Monday, March 05, 2007

Play We Shall Not

In his latest novel, The House of Meetings, Martin Amis makes some interesting points about the different courses Germany and Russia have taken in the wake of the horrors they perpetrated in the first half of the 20th century. His narrator, an embittered gulag survivor, notes that Germany has been quicker to redeem itself, while Russia has languished:
Germany isn't withering away, as Russia is. Rigorous atonement--including, primarily, not truth commissions and state reparations but prosecutions, imprisonments, and, yes, executions, sacramental suicides, crack-ups, self-lacerations, the tearing of hair--reduces the weight of the offense. Or what is atonement for? What does it do? In 2004, the German offense is a very slightly lighter thing than it was. The Russian offense, in 2004, is still the same offense.

Yes, yes, I know, I know. Russia's busy. There's that other feature of national life: permanent desperation. We will never have the "luxury" of confession and remorse. But what if it isn't a luxury? What if it's a necessity, a dirt-poor necessity? The conscience, I suspect, is a vital organ. And when it goes, you go.
Indeed, another character later describes how the greatest trauma the gulag visited upon him was discovering that he no longer had the will to play. It wasn't the ability to love, but the ability to play, to enjoy sexual pleasure he lost.

Shortly after, the narrator reminds us that the ancient Jews withheld their ability to play while in captivity:
As the Babylonians were leading the Jews into captivity they asked them to play their harps. And the Jews said, "We shall work for you, but play we shall not." That's what they were saying in 1936, and that's what they're saying now. We will work for you, but we're not going to fuck for you anymore. We are not going to go on doing it, making people. Making people to be set before the indifference of the state. We are not going to play.
The point Amis makes is a sobering one, and it's one borne out by the facts. From the CIA World Factbook, here are some estimated statistics from 2006 for Russia:
Population growth rate: -0.37%
Birth rate: 9.95 births/1,000 population
Death rate: 14.65 deaths/1,000 population
So as Amis also mentions, Russia's death-rate surpassed its birthrate in 1992, forming what the narrator describes on a graph as a "Russian Cross."

President Vladimir Putin even recently offered Russian women money to have a second child, but apparently, they aren't buying it. Last May Christian Science Monitor's Fred Weir wrote
Cash for babies is the Kremlin's offer to women in its latest bid to reverse a population decline that threatens to leave large swaths of Russia virtually uninhabited within 50 years.

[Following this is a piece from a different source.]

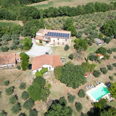 Attraverso un'abile ristrutturazione di queste case rurali, si è sviluppato il complesso immobiliare oggetto della vendita. La struttura è immersa in un parco secolare di vegetazione rigogliosa di un ettaro, dove si trovano anche la piscina, un gazebo, il parcheggio il barbecue e un campo da tennis. Fa parte della struttura anche un ulteriore terreno agricolo di 1.6 ettari.
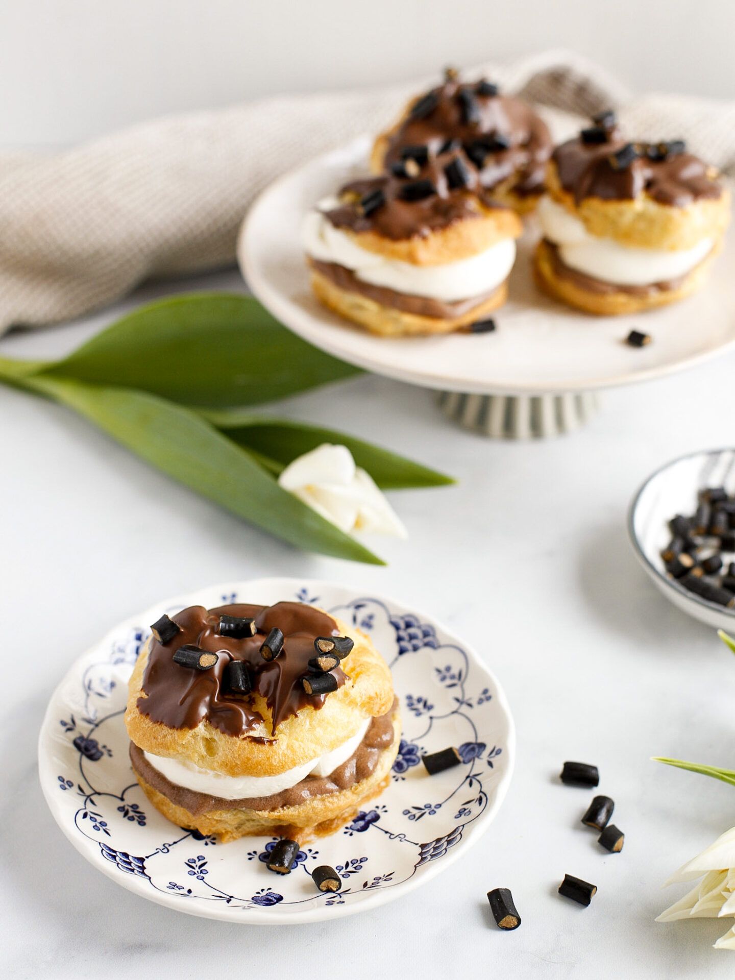 Stillið ofn á 180°c. Setjið vatn og smjör í pott og leyfið smjörinu að bráðna. Takið pottinn af hitanum og hrærið hveitinu saman við þar til deigið er orðið einn massi, kælið deigið örlítið. Setjið deigið í hrærivélarskál og bætið eggjunum út í einu í einu og hrærið vel á milli. Setjið deigið þá í sprautupoka og sprautið bollur á smjörpappírsklædda plötu, eða notið tvær teskeiðar til setja deigið á plötuna. Bakið í 18-20 mínútur. Ef þið viljið hafa bollurnar stærri þá er tíminn aukinn í samræmi við það.

President Vladimir Putin last week defined the crisis as Russia's most acute problem, and promised to spend some of the country's oil profits on efforts to relieve it. He ordered parliament to more than double monthly child support payments to 1,500 rubles (about $55) and added that women who choose to have a second baby will receive 250,000 rubles ($9,200), a staggering sum in a country where average monthly incomes hover close to $330.
Women interviewed for the article say Putin can't comprehend their lives:
"A child is not an easy project, and in this world a woman is expected to get an education, find a job, and make a career," says Svetlana Romanicheva, a student who says she won't consider babies for at least five years. She hopes to have one child, but says a second would depend on her life "working out very well." As for Putin's offer, she says "it won't change anything."
Consider that the birth rate to maintain a population is 2.4 children per woman. In 2004, Russia's was 1.17. And Russia has one of the world's highest abortion rates. Combine these figures with an unusually high peacetime death rate and, consequently, Russia is losing 700,000 to 800,000 citizens per year.

Play we shall not, indeed. For those already knowledgeable in the history of the Russian gulag and its arguable impact on contemporary Russian society, Amis's House of Meetings may present little that is new in the way of historical information. For those of us not as intimate with those details, however, it proves a compelling introduction.